In Bahrain, we had our own pool. The pool into which the oleander trees dipped and shed their petals. It was actually an old water tank, not a proper pool. The gardeners filled it using a hosepipe.
I am in the pool. A school-holiday boy is in the pool with me. He is wrapping me up with the hose pipe. We are alone. No adults are present. In my memory the water is clean and sparkling, shot through with sunlight.
I remember the panic of being pulled underwater by the boy.
He is wrapping the hose round my squirming body.
I remember fighting my way to reach the surface and breath again.
But in my body there is the slightly sexualised excitement of it.
I knew this was something he wouldn’t have done with a boy, not in the same way. I was somehow being subjugated and I was somehow enjoying it. The princess in distress.

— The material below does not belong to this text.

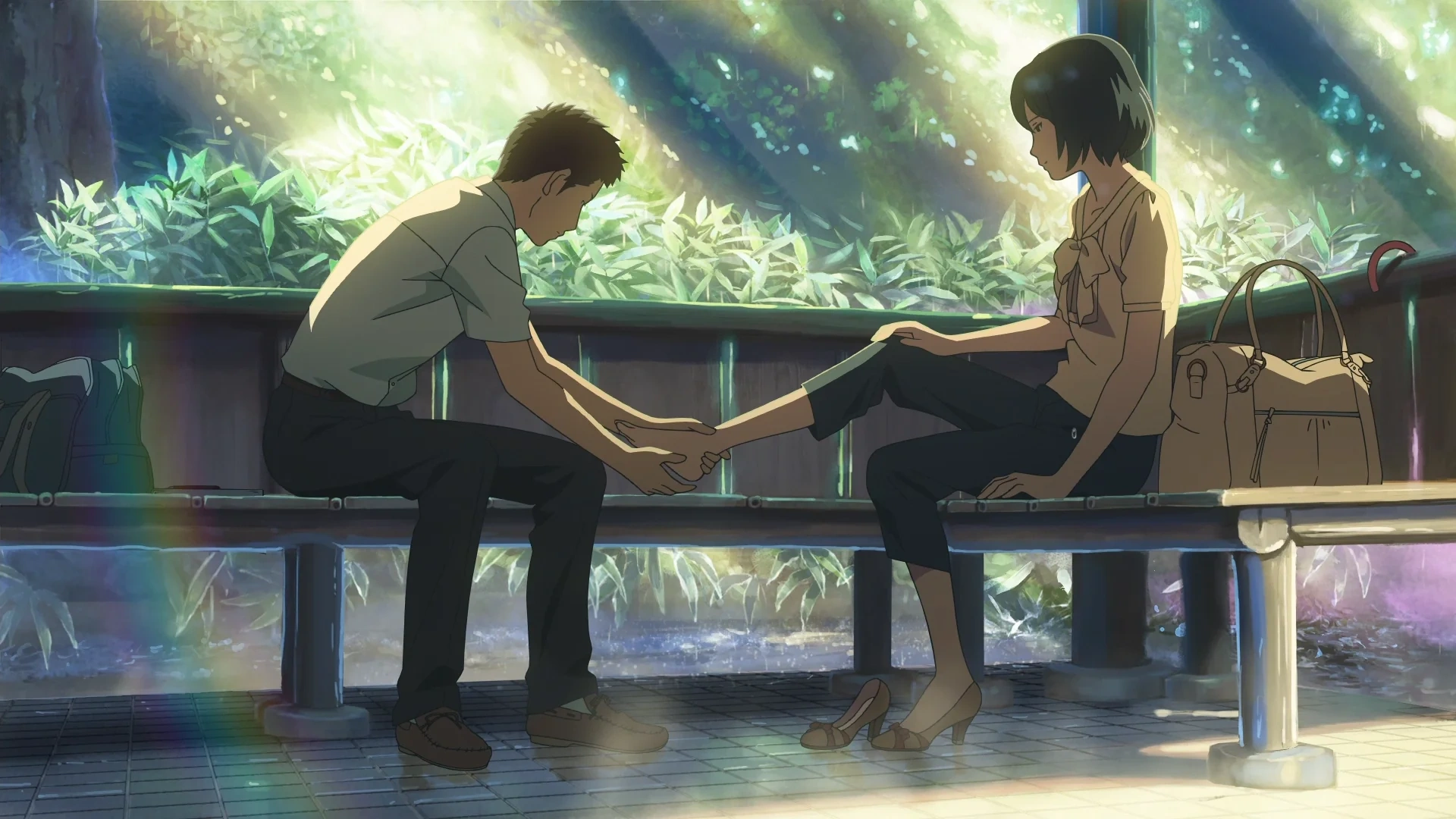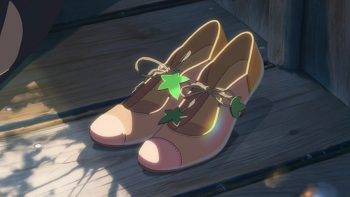 - Обувь — пути личностного роста: Обувь несет в себе символическую нагрузку в фильме, особенно для Такао. Они представляют его стремления и служат метафорой личностного роста. Сквозь свою преданность изготовлению обуви Такао стремится найти свой собственный путь в жизни, шагая вперед с решимостью. Тщательное мастерство изготовления обуви также символизирует заботу и внимание, необходимые для выращивания отношений и понимания других.

In Bahrain her swimming reached its zenith. It had become competitive. There were competitions. She still has a silver plate trophy cup engraved with her name and the date, 1968.
She loved competitive swimming at school too. So does Maudie. Swimming is their power. Their superiority to Cruel Matron.
Swimming is confusing. It disrupts the severance between home and school. The same silence underwater. The same victorious roar above. The cold grey grit under my toes at the edge of the school pool. The warm grass of home. Distinct. Yet contiguous, eliding.
I love the way in which you describe how 'slippery' memory is... Thank you for this episode, it reminds me of my own swimming memories, which take me on interesting mind journeys. Best wishes!
Another beautifully written piece - the reader can feel the shimmering heat in those faraway places, cooled by a dip in those memorable watering holes. Thank you for sharing such poignant memories.